Only the lines below from the one containing "Mayford Floor Standing" to the one containing "吸水トレーとして使用されてい" should be repeated, both included and unchanged.

DATA PROVIDED:
+ + + +
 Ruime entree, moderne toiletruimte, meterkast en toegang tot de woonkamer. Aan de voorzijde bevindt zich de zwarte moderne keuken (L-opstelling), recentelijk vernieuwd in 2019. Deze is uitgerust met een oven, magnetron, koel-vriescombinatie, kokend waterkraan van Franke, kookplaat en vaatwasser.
+ + + +
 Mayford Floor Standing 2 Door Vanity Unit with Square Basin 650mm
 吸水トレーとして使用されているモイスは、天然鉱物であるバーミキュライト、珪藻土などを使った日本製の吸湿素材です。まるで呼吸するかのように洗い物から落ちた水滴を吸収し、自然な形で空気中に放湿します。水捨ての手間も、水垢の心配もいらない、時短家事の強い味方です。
+ + + +
YOUR SOLUTION:
 Mayford Floor Standing 2 Door Vanity Unit with Square Basin 650mm
 吸水トレーとして使用されているモイスは、天然鉱物であるバーミキュライト、珪藻土などを使った日本製の吸湿素材です。まるで呼吸するかのように洗い物から落ちた水滴を吸収し、自然な形で空気中に放湿します。水捨ての手間も、水垢の心配もいらない、時短家事の強い味方です。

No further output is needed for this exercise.